Человек смекнул: раз ювелир выспрашивает об этом, значит, он встревожен; он потому сбавил тон, что поддался обычному страху, который и толкает его на эти вопросы. Скромность, сдержанность и эта тревога, сквозившая в словах ювелира, окончательно убедили пришедшего. Они как бы оправдывали его собственную слабость и страх. Теперь он снова прочно стоял на ногах. Он проявил твердость, и теперь будущее наверняка за ним. Надо только приложить все усилия, надо, не впадая в панику, остерегаться умыслов других людей, а их самих бояться нечего. Полюбуйся-ка на ювелира, как он затаился в засаде, словно кот, стерегущий мышь у норки! Бойся его намерений, да не забывай, что он сидит в засаде, и тогда, если он выйдет из укрытия и начнет охоту, ты сумеешь заставить его поплясать, надо только постараться.
И пока эти мысли одна за другой мелькали у него в голове, он, глядя прямо в глаза хозяину лавки, уверенно, многозначительно, даже с некоторой угрозой произнес:
– Только я да Бог!
7
Один глаз человека был размером с голову, казалось, что вместо лица у него лишь огромный глаз в круглой стальной оправе. Но вот он отвел в сторону большую лупу, и открылась обычная худая физиономия с глазами равной величины. Человек положил небольшую, покрытую резьбой золотую чашу на стол перед собой, опустил на место сдвинутые на лоб очки, и глаза его спрятались за темными стеклами. Теперь лицо выглядело таким неподвижным, что определить его мысли и чувства, даже только предположить их существование было невозможно. Оставался только голос.
В ожидании ювелир уставился на его губы. Наконец они шевельнулись:
– На этот раз донце мытое.
У ювелира пересохло в горле, он с напряжением сглотнул слюну. Губы под очками опять пришли в движение:
– Видно, хотел следы замести.
– Он все больше и больше запрашивает… – с трудом выговорил ювелир.
– Это он напрасно. А ты взвешивай. Не покупай поштучно. Пусть не воображает, что у него редкости какие-то.

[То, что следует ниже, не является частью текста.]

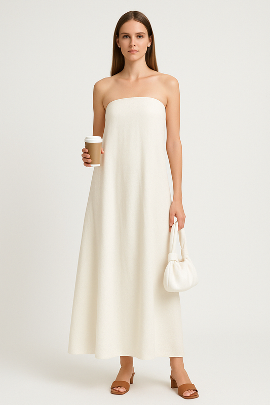 Damklänning – Bandeaumodell – Bomullslinblandning – Avslappnad Passform – Hellång Rygglös
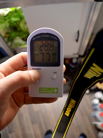 Verder geeft mijn Min/Max thermo- en hygrometer aan dat de laagste temteratuur en luchtvochtigheid deze week 17,8 graden en 49 procent was. Op het heetste moment was het 28,8 graden en de maximale luchtvochtigheid is deze week 77 procent geweest. Het is maar dat je het weet 😉

Мискаль [6] золота в любом изделии стоит меньше тумана [7], вот так. Давай, поторгуйся с ним. А поштучно не покупай. По весу бери, понял?
– А если там глина налипнет?… – возразил ювелир.
Человек протянул руку, взял со стола газету, прикрыл ею золотую чашу.
– Налипнет так налипнет. Не жадничай. Намного ли тяжелее будет? Когда он еще что-нибудь принесет, ты глину-то отряхни, а потом и взвешивай.
Ювелир знал, ему не разглядеть, что там за очками, настроение у него упало.
– А какой он с виду, какого возраста?
Ювелир был в нерешительности. Надо соблюдать осторожность, это он понимал, но как определить, о чем сейчас размышляет человек, сидящий напротив него, поверит ли он его выдумкам, а если не поверит, то что сможет предпринять? Хотя они были знакомы с давних пор, ему никогда не удавалось уловить ничего, кроме какойто смутной угрозы, исходящей с той стороны, – или это ему только казалось? Даже когда они не виделись, ювелир ощущал его присутствие. В повседневной жизни и делах этот знакомый страшно тяготил его, однако в трудных случаях он все же обращался к нему, просил о помощи, а потом благодарил. Но с чем бы он к нему ни пришел, между ними всегда оставалась какая-то дистанция, их разделяла какая-то стена – блестящая, но непрозрачная, тонкая, но непроницаемая. Вроде темных стекол в очках.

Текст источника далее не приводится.